Hi storytellers!
You may know that we’re running a reader survey right now, and the winner of our reader survey drawing will get a free coaching session. But what if you don’t need coaching?
You can get your [podcast] name in lights.
Photo by Sudan Ouyang on Unsplash
Here’s how.
Complete our quick survey (three minutes, really)! Include a short testimonial about the newsletter or the Sound Judgment podcast.
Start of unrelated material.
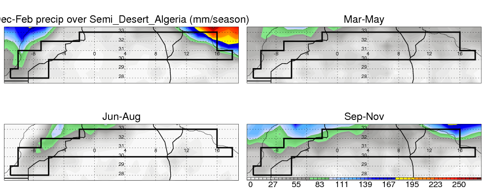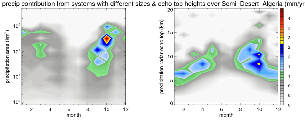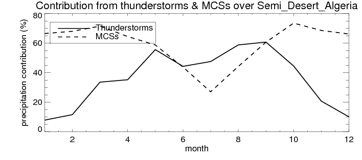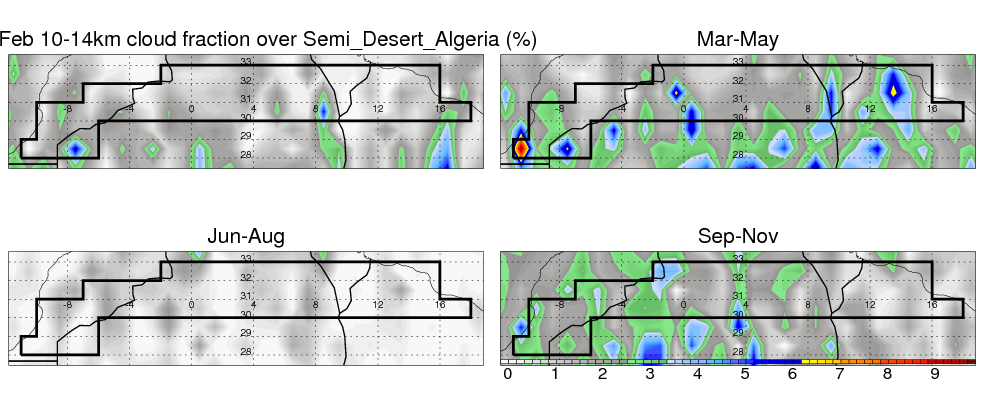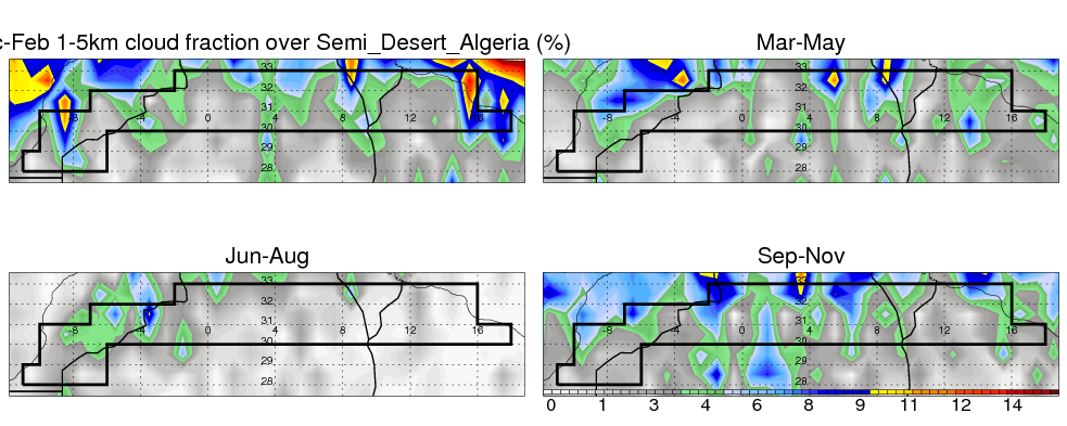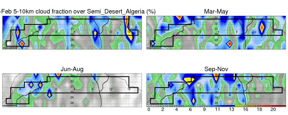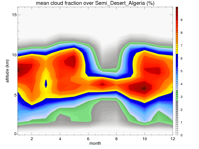 Over Semi_Desert_Algeria , mean annual precipitation are estimated with 138.4 (mm/year) from TRMM precipitation radar. (distribution of precipitation see here ) Total surface rainfall is brought by various precipitation systems. The seasonal variation of precipitation from systems with different sizes and heights are shown below: In total, thunderstorms (systems with detected lightning flashes) contribute 36 %, MCSs (Mesoscale convective systems with raining area > 2000 km^2) contribute 63 % of all precipitation. Seasonal variations of fraction of precipitation from thunderstorms and MCSs are shown below: The seasonal variation of geographical distribution of CloudSat cloud fraction over Semi_Desert_Algeria is shown below: The seasonal variation of mean CloudSat level cloud fraction at different altitudes over Semi_Desert_Algeria is shown below: |

Make sure to tell us the name of your podcast or other creative work and we’ll shout it out in a future issue of this newsletter or on a podcast episode.
The deadline to complete the survey, get your name in lights, and be entered into the drawing to win an hour-long coaching session is next Wednesday, January 31. Don’t miss it.
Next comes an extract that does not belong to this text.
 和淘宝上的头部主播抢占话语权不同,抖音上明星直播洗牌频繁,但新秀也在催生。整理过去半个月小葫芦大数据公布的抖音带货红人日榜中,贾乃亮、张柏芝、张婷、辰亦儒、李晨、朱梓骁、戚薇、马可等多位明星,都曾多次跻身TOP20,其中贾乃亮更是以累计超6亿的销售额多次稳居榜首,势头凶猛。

The memoir dilemma: Should you tell your own story?
A distant streetlamp shines its piercing light through a narrow, unfortunate gap in the old blinds. Slowly you come to a familiar awareness: Damn, I’m awake. You reach for your phone, knowing what it will say before you turn it over. 3:00 a.m., on the dot. Again.
You become aware of the wrinkles in the sheet underneath you. Seeking comfort, you shift in bed, squeezing your eyes in resistance to the inevitable.
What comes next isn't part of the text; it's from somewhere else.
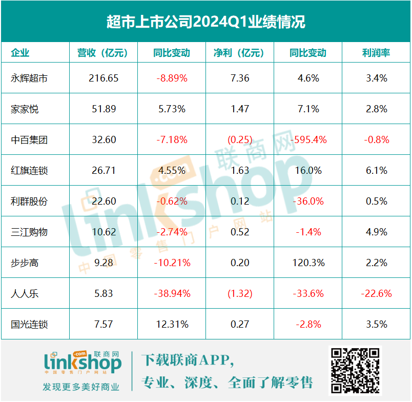 據(jù)聯(lián)商網(wǎng)統(tǒng)計(jì),2023財(cái)年,14家超市上市公司,營(yíng)收增長(zhǎng)的有4家且增幅均不超過(guò)10%,占比不足三成,而凈利增長(zhǎng)的有10家,只不過(guò)8家出現(xiàn)虧損,占比近六成;到2024Q1,統(tǒng)計(jì)的9家超市上市公司中,營(yíng)收增長(zhǎng)的僅有3家,利潤(rùn)增長(zhǎng)的有4家,與復(fù)蘇態(tài)勢(shì)相比,形勢(shì)依然不樂觀。

But it happens anyway: Your mind returns to a momentous event, a traumatic one, one that shaped the trajectory of your life. Should you use your life as story fodder? Is this experience yours, alone, to share? What would happen if you share it as a podcast, on the page or on the stage? How could you frame it in a way that matters to thousands of strangers?
And then the writing in your head: “I would start with this scene. This sentence.”
You get excited. This could work.
But then, the inner critic — the one that is so freaking loud at 3:00 a.m. — speaks. But why? Why does your experience mean anything to anyone else? Does it? How?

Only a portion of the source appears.